Re: [PHP-DEV] [VOTE] Improve unserialize() error handling
Hi
Resending the message without attachments, because the mailing list
rejected the original due to exceeding 3 bytes:
ezmlm-reject: fatal: Sorry, I don't accept messages larger than 3 bytes
(#5.2.3)
You can find the attachments at:
https://gist.github.com/TimWolla/376dd162f7684daef38f76a07254871c
Original message below:
--
On 10/15/22 11:06, Nicolas Grekas wrote:
I'm not surprised by the “no” on the first vote based on the previous
discussion. I am surprised however that you also disagree with raising
the E_NOTICE to E_WARNING for consistency.
I don't plan on repeating all the previous discussion points with you,
but as you mention the Symfony tests specifically: Please find the patch
attached. Do you believe the expectations in this new test would a
reasonable expectation by a Symfony user?

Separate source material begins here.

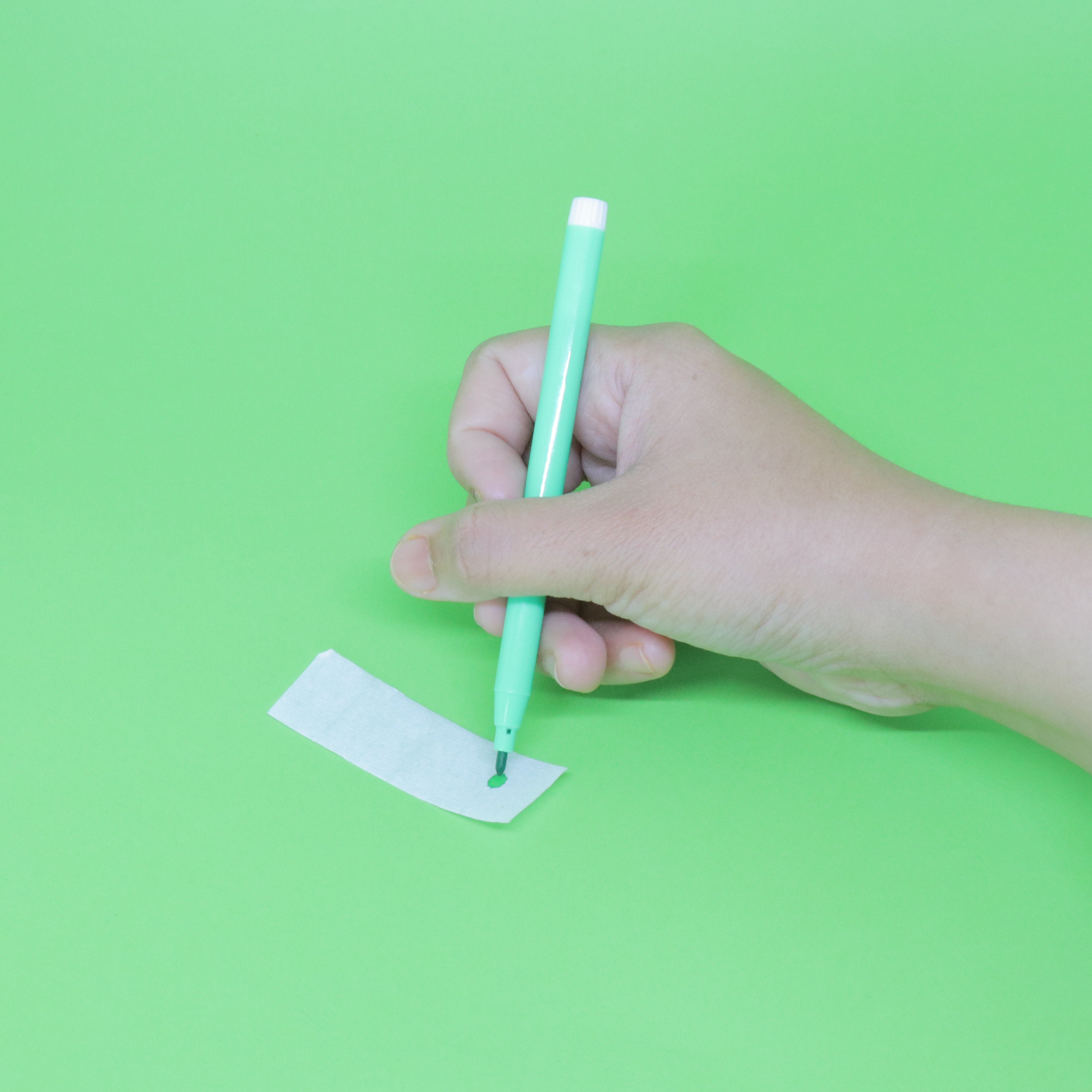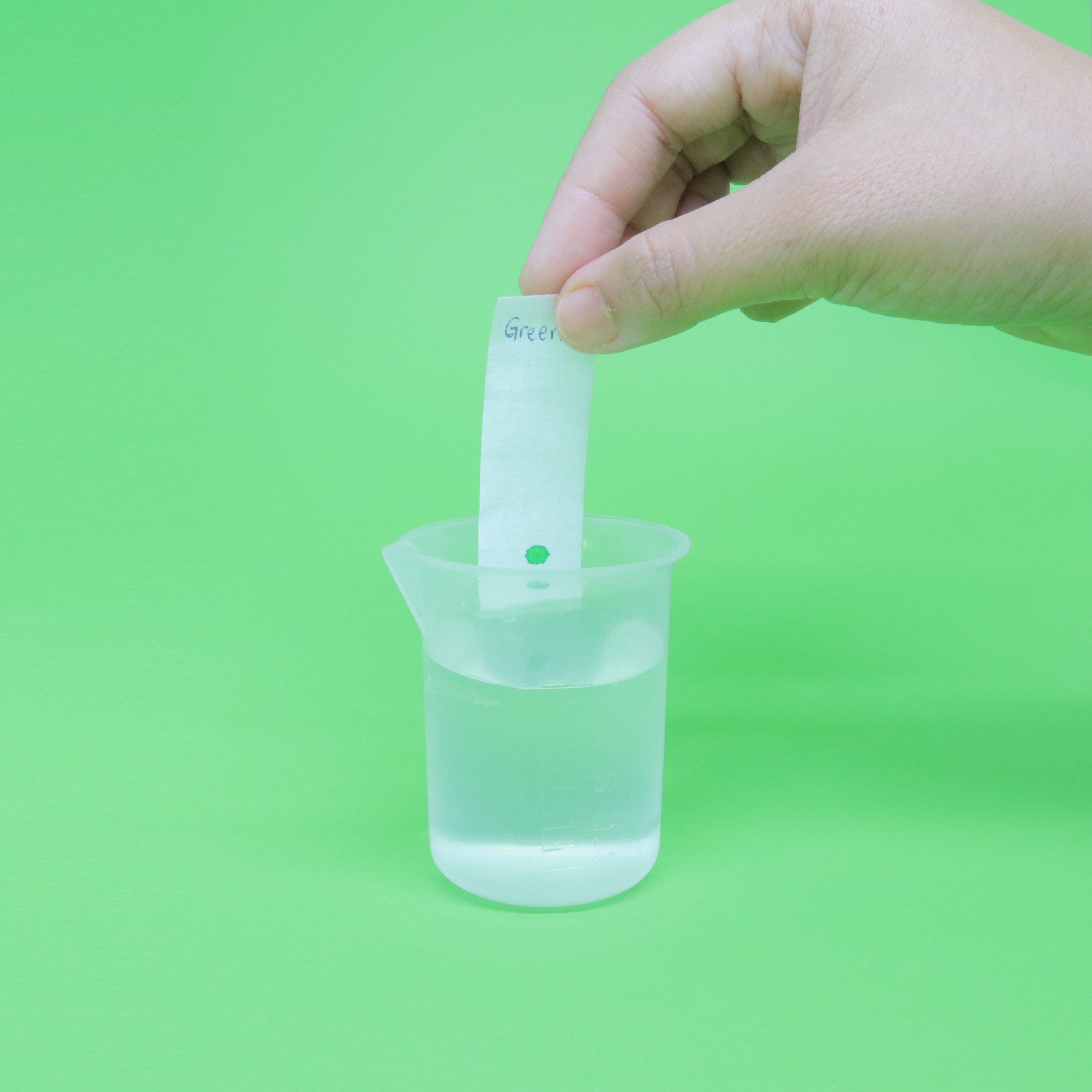 - Mark a dot of light green, 2cm from the bottom end on one of their blotting papers, by using the light green magic pen.

Since the beginning my point is not that the RFC doesn't have merits. It's
that the proposed approach breaks BC in a way that will affect the
community significantly. We have policies that say we should avoid BC
breaks and they should apply here.
To anyone wondering about the reality of the BC break if you're not
convinced there is one because the original code is broken anyway (which is
your main argument Tim IIUC): please have a look at the failures I reported
Yes, you understood this correctly: I consider the existing
implementation to be broken. Unfortunately you did not answer my
question whether the attached patch would be a reasonable expectation by
a Symfony user.
Let's presume it is: If I use the 'PhpSerializer' then I expect to
receive exactly the 'MessageDecodingFailedException' whenever the
message fails to decode. When decoding an erroneous DateTime (or an
erroneous SplDoublyLinkedList or whatever) a different Exception will be
thrown and not caught, thus the contract by the 'PhpSerializer' is violated.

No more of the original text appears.